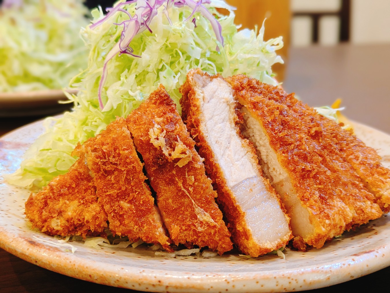 店内は広く、オープンキッチン型のカウンター、お座敷、テーブル席です。厨房のライブ感が見えるカウンターは人気席のようです。とんかつの揚げ終わりを待つ山盛りキャベツたちが見えて、ちょっとテンションが上がります。といいつつ、今回はテーブル席に着きました。ベテランの店員さんたちがテキパキと誘導してくださるので、めちゃくちゃ安心感があります。
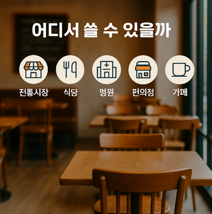 - 사용처: 전통시장, 식당, 학원, 병원, 편의점, 카페 등
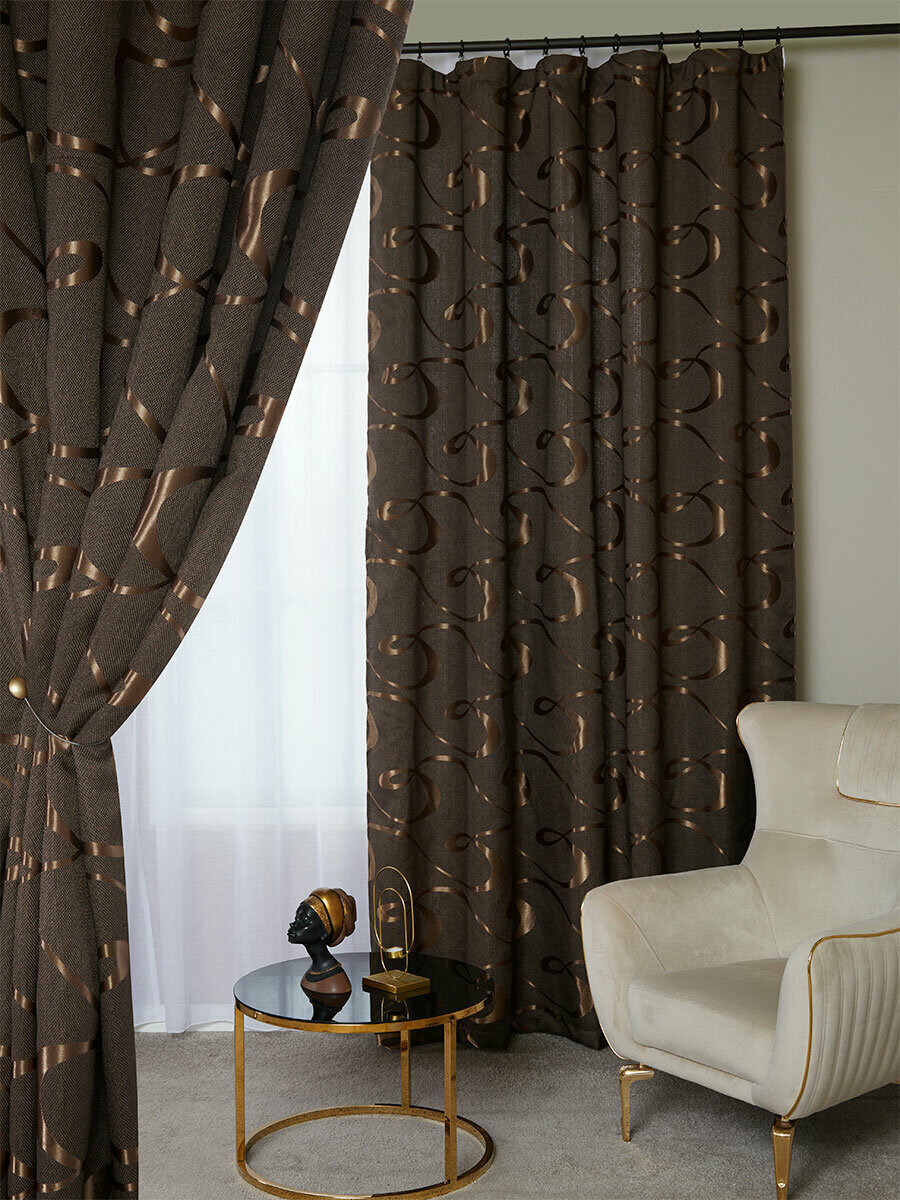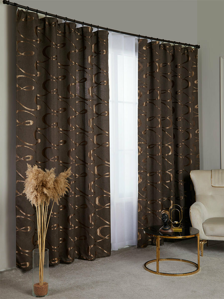 СохранитьГотовый комплект плотных интерьерных штор(портьер) рогожка с узорным рисунком (2 шт, каждая штора 350x240 см) со шторной лентой интересное:

▶ **What to produce**
Pictures excluded, copy the lines exactly from where the material starts to the line with "- 사용처: 전통시장, 식당, 학원, 병원, 편의점, 카페 등", inclusive.

▶ **Response to this task**
 店内は広く、オープンキッチン型のカウンター、お座敷、テーブル席です。厨房のライブ感が見えるカウンターは人気席のようです。とんかつの揚げ終わりを待つ山盛りキャベツたちが見えて、ちょっとテンションが上がります。といいつつ、今回はテーブル席に着きました。ベテランの店員さんたちがテキパキと誘導してくださるので、めちゃくちゃ安心感があります。
 - 사용처: 전통시장, 식당, 학원, 병원, 편의점, 카페 등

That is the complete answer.